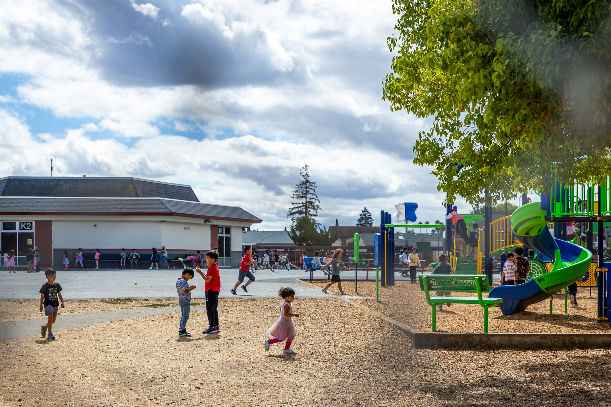 Children play at Ruskin Elementary School in San José on Sept. 9, 2025. Parents at Ruskin Elementary School in San José say school consolidations have caused chaos on campus, leading to unsafe traffic and hurried school lunches. (Tâm Vũ/KQED)
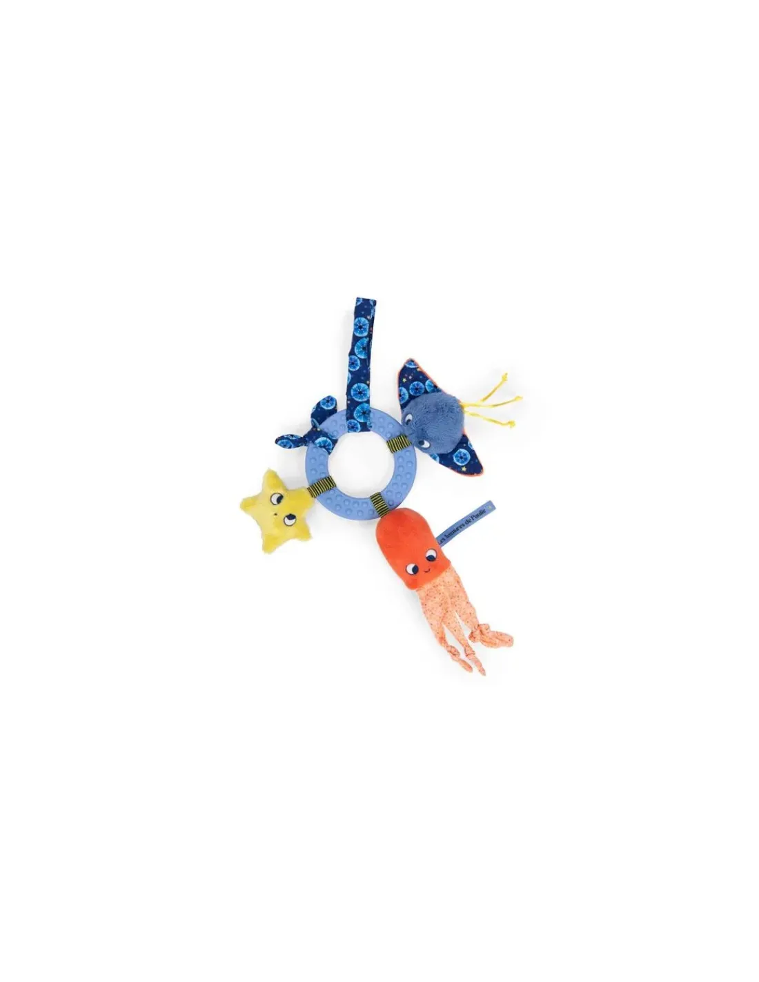 Paulie le poulpe et ses amis la raie et l’étoile de mer suivront votre enfant dans chacun de ses déplacements. Pratique, ce jouet d’éveil s’attache facilement au cosy, à la poussette, au parc ou à une arche d’activités grâce au velcro. Un anneau d’activités à manipuler ou à suspendre composé de trois petits personnages marins aux matières et sons différents, d’une nouette décorative et d’un grand anneau de dentition texturé que bébé pourra mâchouiller.
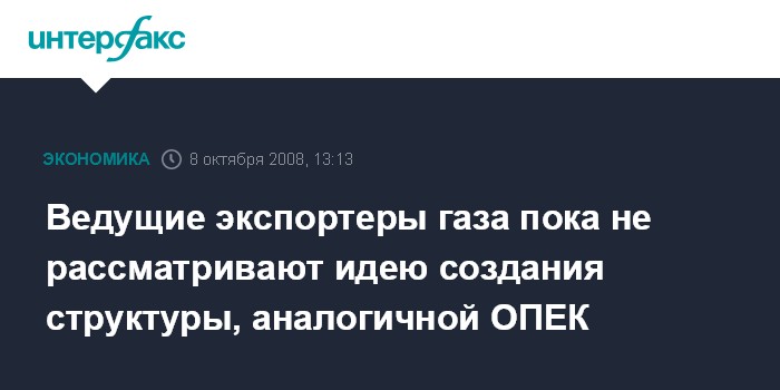 Ведущие экспортеры газа пока не рассматривают идею создания структуры, аналогичной ОПЕК
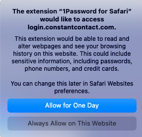 I'm trying to login to my Constant Contact account. When I try to fill with Safari extension, I get the dreaded "the extension "1Password for Safari" would like to access login.constantcontact.com" m...
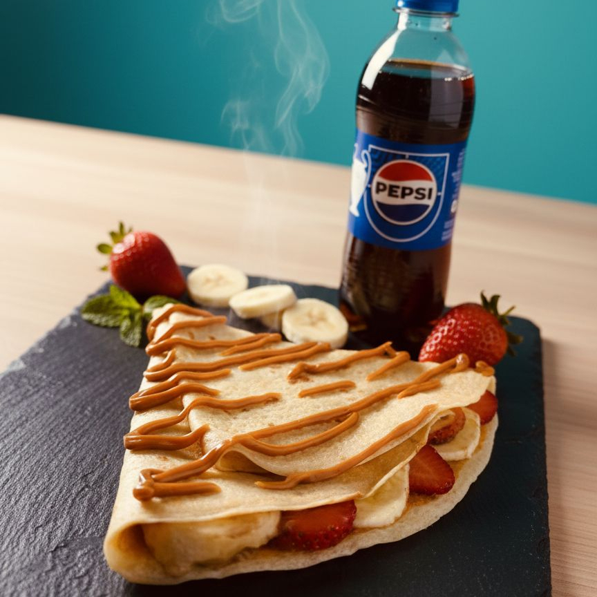 Crepe de Manjar con Fresa y Plátano más Pepsi
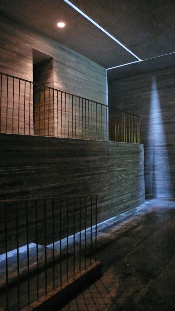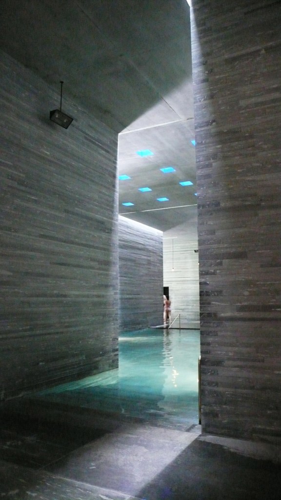 à côté de bassins assez larges, de petites pièces sans fenêtre: ici le bassin à 33°, rempli de pétales de fleurs qui créent une ambiance au parfum subtil; là le « bain sonore » à 35° (3×3 très haut de plafond) où tous les sons (écoulement des eaux, tuyauteries, machines) de l’endroit y convergeant, on a l’impression d’entendre la complainte d’un extraterrestre blessé appelant à l’aide ses congénères au moyen d’un appareil inconnu de nous, ou encore une baleine appelant son petit. c’est un endroit hors du temps et hors du monde, très proche de l’univers de lara croft (à croire que les créateurs ont séjourné à vals). un spot éclaire les jambes mais l’eau est si ferrugineuse qu’on ne distingue même pas ses pieds. l’oxygène est si abondant qu’il recouvre, encore plus qu’ailleurs, la peau en couche fine et régulière. d’un geste de la main, on se frotte la jambe et c’est comme si l’on se débarrassait d’une couche de talc; plus loin, le bassin à 42°, où l’on entre comme dans un bain très chaud, c’est-à-dire avec précaution. plus loin, une petite salle où l’on peut écouter des percussions douces, censées relaxer dans une atmosphère très « hors du temps ».
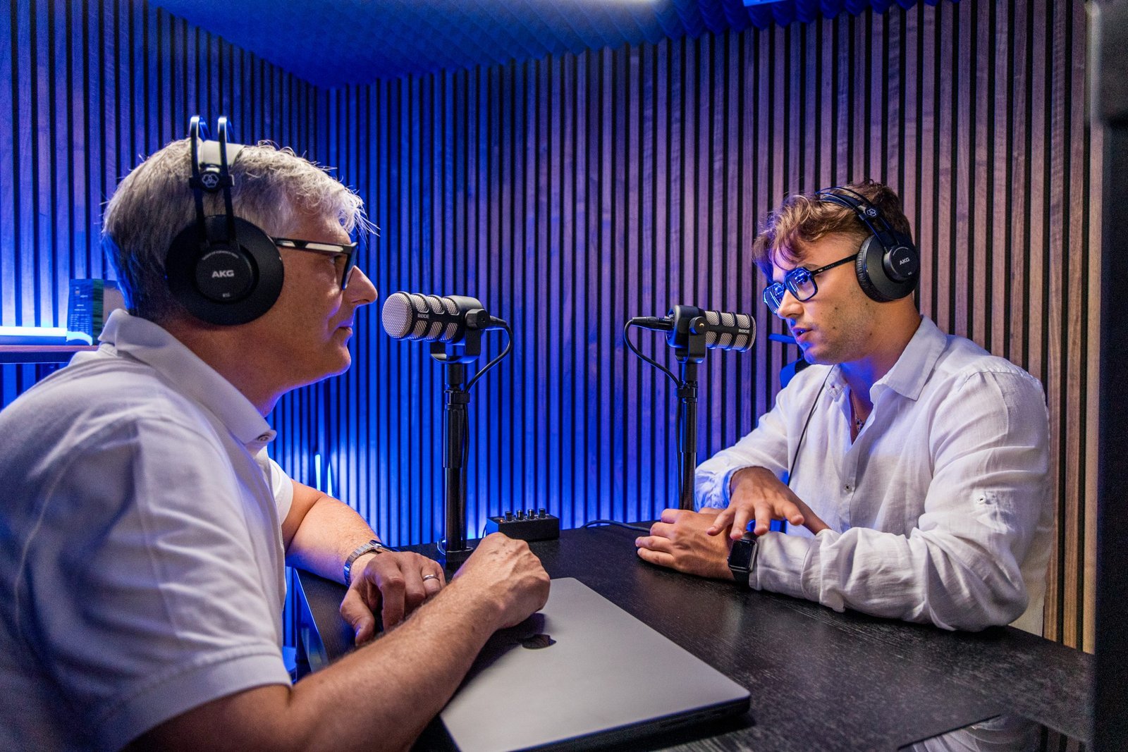 Grazie alla stretta collaborazione con Cast, oggi Tokio Studio può dire di avere tutto ciò che serve per portare avanti con successo la propria attività. Alex Niccolai ci fornisce tutti i dettagli relativi ai diversi ambienti in cui è suddiviso il nuovo studio di posa e sulle rispettive dotazioni tecniche. «Il primo è uno spazio più informale con una sorta di salottino, tutto customizzabile con props (gli oggetti di scena), scaffali, quadri da personalizzare. È ideale per un talk, una chiacchierata. Illuminazione e fotografia sono già predisposte e abbiamo tre telecamere, che permettono di ottenere un’inquadratura totale e fino a quattro primi piani delle persone coinvolte. Il secondo spazio è più legato alla formazione, con una zona per fare brainstorming. Ci sono arredi a terra e una lavagna. Qui si possono realizzare piccoli videocorsi, tutorial, presentazioni di nuove offerte delle aziende. C’è tutto lo spazio per il posizionamento di luci, camera, eventuali scaffali. Il terzo e ultimo spazio, invece, è molto più incentrato sul podcast: uno spazio chiuso, insonorizzato per ottenere un impatto sonoro radiofonico, uno spazio con tavolo predisposto con due microfoni a condensatore, un’illuminazione molto fresca, comandabile digitalmente tramite una app che crea vari effetti e permette di modificare in un attimo il look della stanza.» È evidente come nulla sia lasciato al caso e quanta fiducia questi giovani abbiano nelle proprie idee.

Exercise prompt:
Would you write out each entry word for word and omit the images?

Result of the task:
 Children play at Ruskin Elementary School in San José on Sept. 9, 2025. Parents at Ruskin Elementary School in San José say school consolidations have caused chaos on campus, leading to unsafe traffic and hurried school lunches. (Tâm Vũ/KQED)
 Paulie le poulpe et ses amis la raie et l’étoile de mer suivront votre enfant dans chacun de ses déplacements. Pratique, ce jouet d’éveil s’attache facilement au cosy, à la poussette, au parc ou à une arche d’activités grâce au velcro. Un anneau d’activités à manipuler ou à suspendre composé de trois petits personnages marins aux matières et sons différents, d’une nouette décorative et d’un grand anneau de dentition texturé que bébé pourra mâchouiller.
 Ведущие экспортеры газа пока не рассматривают идею создания структуры, аналогичной ОПЕК
 I'm trying to login to my Constant Contact account. When I try to fill with Safari extension, I get the dreaded "the extension "1Password for Safari" would like to access login.constantcontact.com" m...
 Crepe de Manjar con Fresa y Plátano más Pepsi
 à côté de bassins assez larges, de petites pièces sans fenêtre: ici le bassin à 33°, rempli de pétales de fleurs qui créent une ambiance au parfum subtil; là le « bain sonore » à 35° (3×3 très haut de plafond) où tous les sons (écoulement des eaux, tuyauteries, machines) de l’endroit y convergeant, on a l’impression d’entendre la complainte d’un extraterrestre blessé appelant à l’aide ses congénères au moyen d’un appareil inconnu de nous, ou encore une baleine appelant son petit. c’est un endroit hors du temps et hors du monde, très proche de l’univers de lara croft (à croire que les créateurs ont séjourné à vals). un spot éclaire les jambes mais l’eau est si ferrugineuse qu’on ne distingue même pas ses pieds. l’oxygène est si abondant qu’il recouvre, encore plus qu’ailleurs, la peau en couche fine et régulière. d’un geste de la main, on se frotte la jambe et c’est comme si l’on se débarrassait d’une couche de talc; plus loin, le bassin à 42°, où l’on entre comme dans un bain très chaud, c’est-à-dire avec précaution. plus loin, une petite salle où l’on peut écouter des percussions douces, censées relaxer dans une atmosphère très « hors du temps ».
 Grazie alla stretta collaborazione con Cast, oggi Tokio Studio può dire di avere tutto ciò che serve per portare avanti con successo la propria attività. Alex Niccolai ci fornisce tutti i dettagli relativi ai diversi ambienti in cui è suddiviso il nuovo studio di posa e sulle rispettive dotazioni tecniche. «Il primo è uno spazio più informale con una sorta di salottino, tutto customizzabile con props (gli oggetti di scena), scaffali, quadri da personalizzare. È ideale per un talk, una chiacchierata. Illuminazione e fotografia sono già predisposte e abbiamo tre telecamere, che permettono di ottenere un’inquadratura totale e fino a quattro primi piani delle persone coinvolte. Il secondo spazio è più legato alla formazione, con una zona per fare brainstorming. Ci sono arredi a terra e una lavagna. Qui si possono realizzare piccoli videocorsi, tutorial, presentazioni di nuove offerte delle aziende. C’è tutto lo spazio per il posizionamento di luci, camera, eventuali scaffali. Il terzo e ultimo spazio, invece, è molto più incentrato sul podcast: uno spazio chiuso, insonorizzato per ottenere un impatto sonoro radiofonico, uno spazio con tavolo predisposto con due microfoni a condensatore, un’illuminazione molto fresca, comandabile digitalmente tramite una app che crea vari effetti e permette di modificare in un attimo il look della stanza.» È evidente come nulla sia lasciato al caso e quanta fiducia questi giovani abbiano nelle proprie idee.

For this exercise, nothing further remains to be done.